Introduction
Accurate interpretation and measurement of dimensions are skills that every individual involved in mechanical shop must have. A thorough understanding of units of measure, measurement systems and measurement terms is necessary for proficiency in workshop technology. This chapter presents information on the basics of measurement, measuring tools and layout tools used in the mechanical shops. It outlines the basic knowledge (principles and practice) required in using the most common measuring instruments and layout tools used in mechanical shops.
Before Industrial revolution the craftsman used to make and carry his own tools and measuring gadgets. The manufacture of products was totally dependent on the skill of the craftsman and accuracy of his tools. As a consequence no two identical parts were interchangeable and the standards could not be met in production. Once industrial revolution took place need arose for division of labor, simplification, standardization to enable mass production. As parts are produced in large quantities according to specifications, interchangeability became the norm of production (Interchangeability is the ability of parts to be substituted for one another without the need for part adjustment during assembly). This motivated the engineers to design various mechanical devices to measure accurately the dimensional features of parts. For example when the transmission shaft of steam engine broke one had to just state the specification along with part number to get a replacement. As the industrialization progressed more complex machinery operating at higher speeds and closer tolerances became the need of production which in turn motivated engineers to design better measuring instruments. Quality became the catchword and users of products became quality conscious.
Need of Measurement and Measuring Instruments
When we talk of the length of an object we mean the distance from one end to the other expressed numerically in convenient units. In order to find the length of certain object, we measure by comparing the object to some other object of standard length that is internationally accepted.
When we produce an object and want to determine its size we cannot in practice compare it to an International Standard of measure. Here comes the need of the measuring instrument with which we can readily measure the size of an object within a desired degree of accuracy which is Internationally accepted.
Without measurements, the quality of products cannot be assessed, therefore, every manufactured product must be measured in some way. Since all manufacturing processes have some inherent variability, manufactured parts must be checked numerically at some point during the manufacturing process, specially on the finished product to determine whether they meet the design specifications (size, volume, density, pressure, heat, impedance, brightness, etc.) including tolerances and surfacefinish.
What is Measurement?
The determination of a dimension of a part through the use of some type of device that permits the magnitude of the dimension to be determined directly, or indirectly, in terms of scalar units is known as measurement.
It is the result of quantitative comparison between a predefined standard and the unknown quantity. There are two basic requirements for measurements.
1. The standard should be accurately known and internationally accepted.
2. The device and experimental procedure adopted for comparison must be provable.

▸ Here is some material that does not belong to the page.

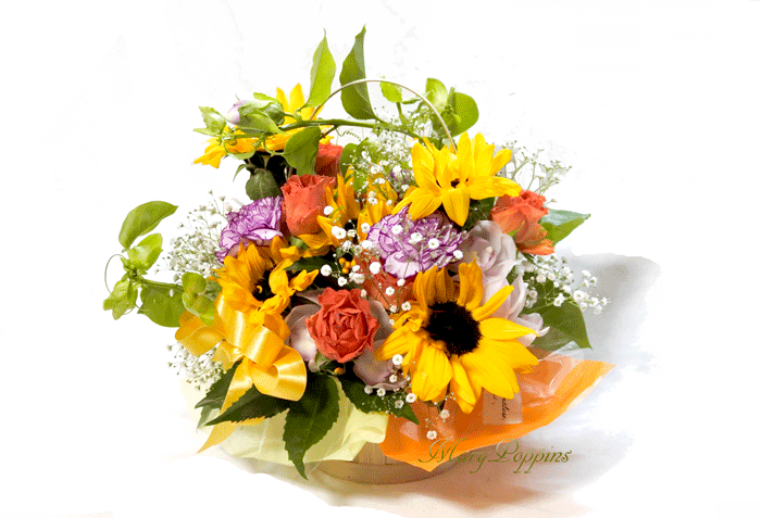 ヒマワリ、バラ、トケイソウ(パッションフルーツ)、シンビジウム、カーネーション、黄実千両
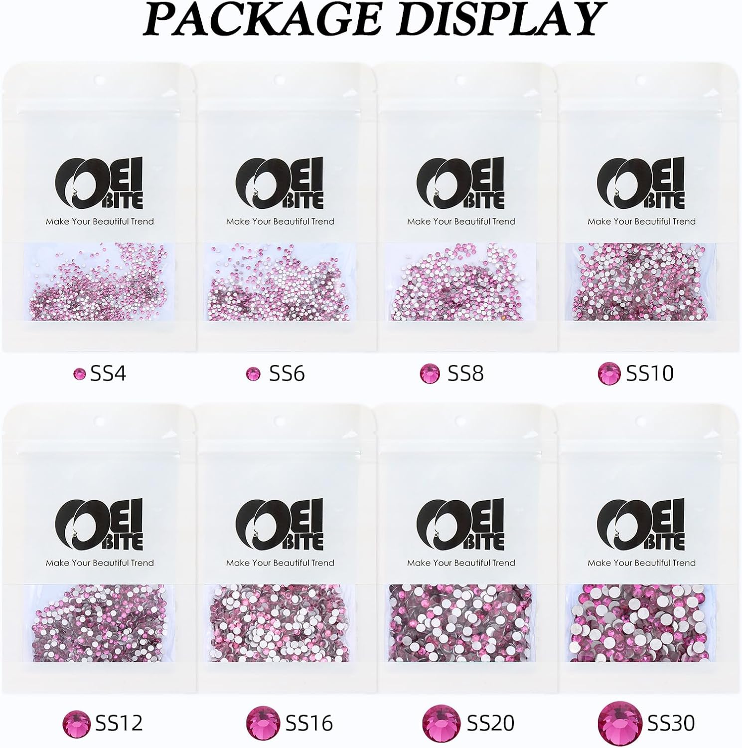 - Product Packaging: Bags packaging SS8 2.3~2.5 MM - 1440 Pcs fuchsia flatback rhinestones

Classification of Measurement:
The majority of measurement techniques can be categorized in following different ways:
Figure 1: Classification of Measurement
1. Linear measurement - Linear measurement means to measure distance or length. It is mainly concerned with dimensional measurement of objects, that is measurement of length, width, and height. The basic metric unit of dimension is the meter (m). Instruments used for linear measurement are steel rule, vernier caliper, micrometer etc.

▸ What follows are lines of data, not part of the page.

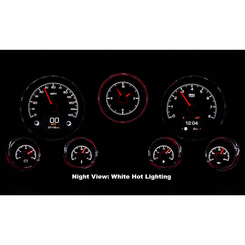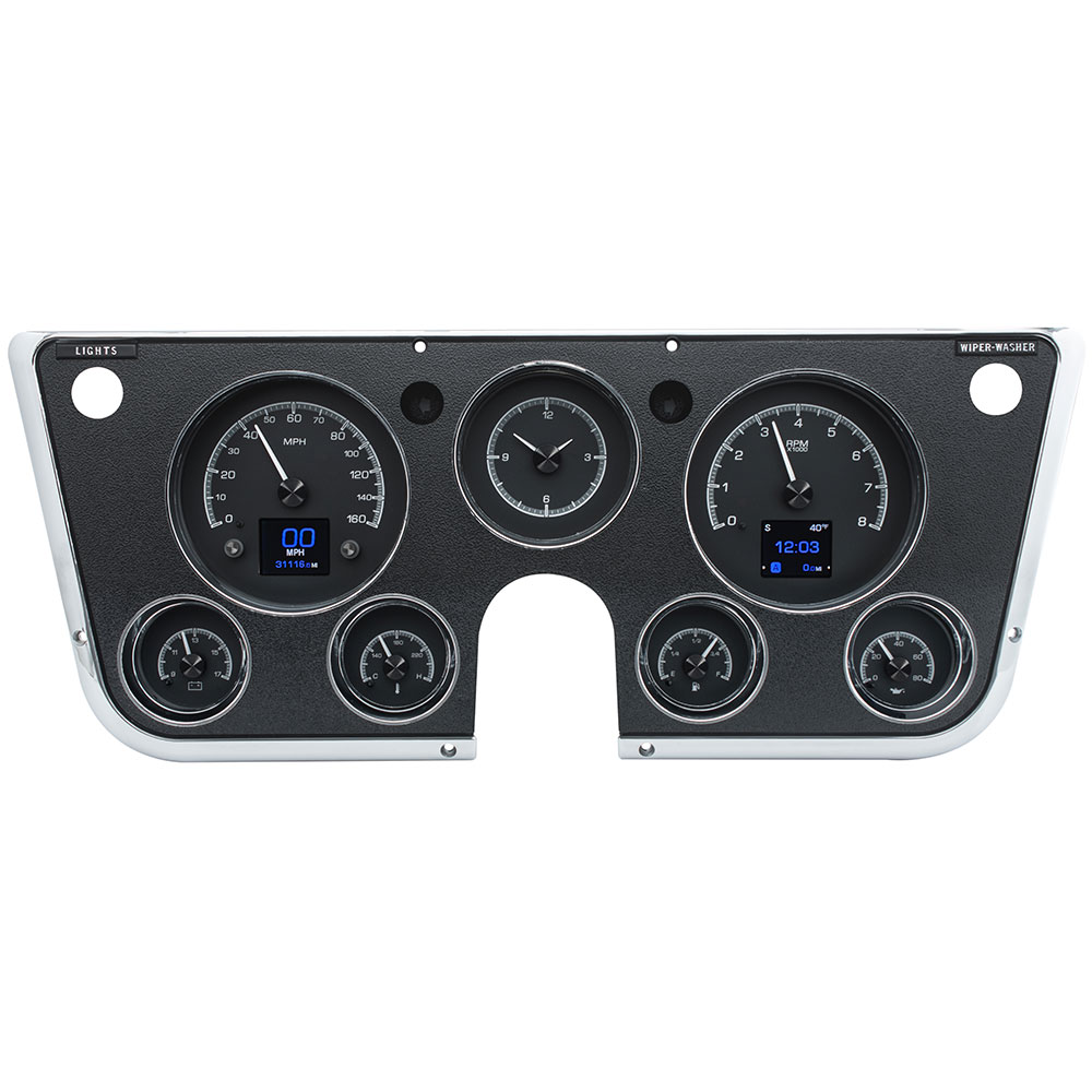 1967-72 GM pickups have been, and always will be one of the favorite classic trucks. The original seven-hole cluster offers plenty of room to provide you with a wealth of knowledge. Six analog gauges plus a clock and twin TFT message centers make use of the space, ensuring the driver is in the know. System fits stock or reproduction dash bezel, available separately.
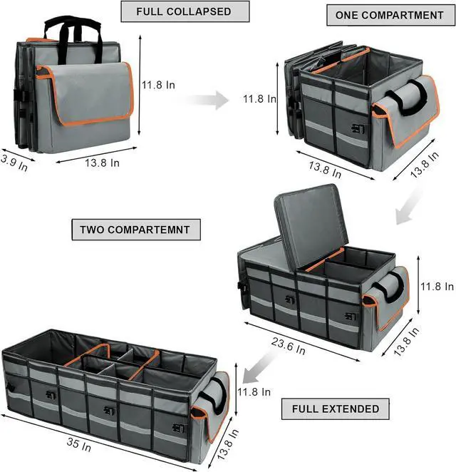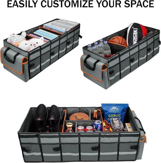 Adjustable size, according to your detailed placing area, this trunk organizer can be adjusted from large size to small size to fit the storage area.
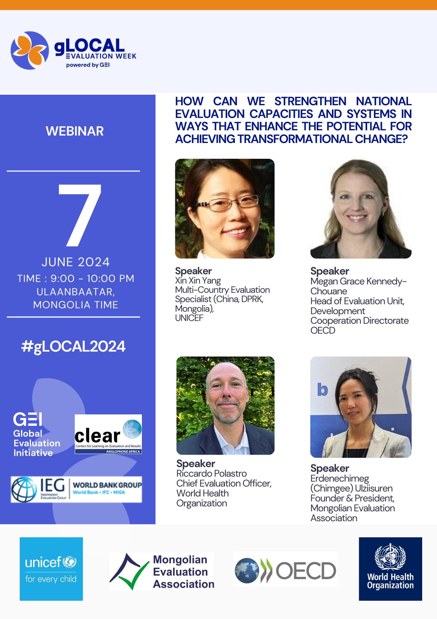 In this webinar, we will have government officials from China and Mongolia who will emphasize the value of evaluation in their respective contexts. In addition, a winning team of the 2nd Mongolian Evaluation Case Competition will join the webinar to discuss how they applied the OECD/DAC criteria in the competition.
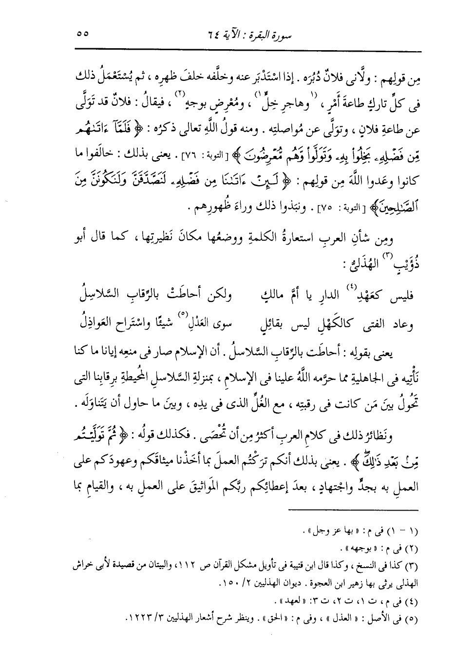 مِنْ قَوْلِهِمْ: وَلَّانِي فُلَانٌ دُبُرَهُ: إِذَا اسْتَدْبَرَ عَنْهُ وَخَلَّفَهُ خَلْفَ ظَهْرِهِ، ثُمَّ يَسْتَعْمِلُ ذَلِكَ فِي كُلِّ تَارِكٍ طَاعَةَ أَمَرَ بِهَا عَزَّ وَجَلَّ مُعْرِضٍ بِوَجْهِهِ، يُقَالُ: قَدْ تَوَلَّى فُلَانٌ عَنْ طَاعَةِ فُلَانٍ، وَتَوَلَّى عَنْ مُوَاصَلَتِهِ، وَمِنْهُ قَوْلُ اللَّهِ جَلَّ ثَنَاؤُهُ: {فَلَمَّا آتَاهُمْ مِنْ فَضْلِهِ بَخِلُوا بِهِ وَتَوَلَّوْا وَهُمْ مُعْرِضُونَ} [التوبة: 76] يَعْنِي بِذَلِكَ: خَالَفُوا مَا كَانُوا وَعَدُوا اللَّهَ مِنْ قَوْلِهِمْ: {لَئِنْ آتَانَا مِنْ فَضْلِهِ لَنَصَّدَّقَنَّ وَلَنَكُونَنَّ مِنَ الصَّالِحِينَ} [التوبة: 75] وَنَبَذُوا ذَلِكَ وَرَاءَ ظُهُورِهِمْ، وَمِنْ شَأْنِ الْعَرَبِ اسْتِعَارَةُ الْكَلِمَةِ وَوَضْعُهَا مَكَانَ نَظِيرِهَا، كَمَا قَالَ أَبُو ذُؤَيْبٍ الْهُذَلِيُّ:
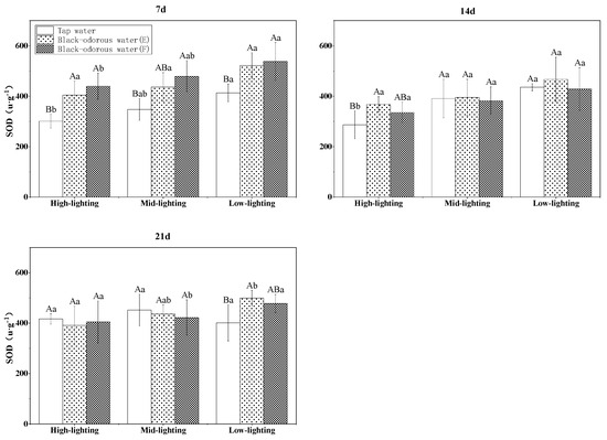 The malondialdehyde (MDA) content of V. natans was significantly affected by changes in the light, water quality/environment, time, and their interactions (p ≤ 0.05; Table 3). On days 7, 14, and 21, the tap water (D)’s MDA level of V. natans was considerably lower than that of the two black-odorous water samples (p ≤ 0.05; Figure 7). In addition, it was also observed that light had no discernible influence on the MDA content of V. natans (Figure 7). The superoxide dismutase (SOD) enzyme activity of the black-odorous water was significantly affected (p ≤ 0.05; Table 3) under the different light conditions, water quality, time, and interaction of water quality and time. On the 7th day, there was a significant difference between the SOD content of V. natans in tap water (D) and black-odorous water (E) and black-odorous water (B) depending on the light intensity (F). However, as time progressed, the SOD activity of V. natans decreased in comparison to the 7th day and did not significantly differ from that of tap water (D) (Figure 8).

2. Angular measurement - In this, measurement of angles is done. It is important for production of angular features. Generally, instruments or angular measurement have circular division scales, e.g. Protractor.
3. Comparative measurement - The measurement that deals with relative measurements such as measurement of flatness, straightness and surface finish. The instruments used for this purpose are Non-graduated, make comparisons between dimensions, e.g. use of fixed gages, optical flats.
According to the nature of measurement
1. Direct measurement - In direct measurement the measured value is obtained directly, e.g., scale, vernier caliper, micrometer, vernier height gauge, depth gauge.
2. Indirect measurement - In indirect measurement the actual dimension is determined by measuring other values functionally related to the required value, e.g., divider, sine bar, calipers.
According to the contact with the workpiece
1. Contact measurement - In Contact measurement tip of the instrument actually touches the surface to be measure e.g. Micrometer, calipers, dial indicator.
2. Contactless measurement - In Contactless measuring where no contact is required with workpiece for measurement, e.g., tool maker’s microscope, projection comparator.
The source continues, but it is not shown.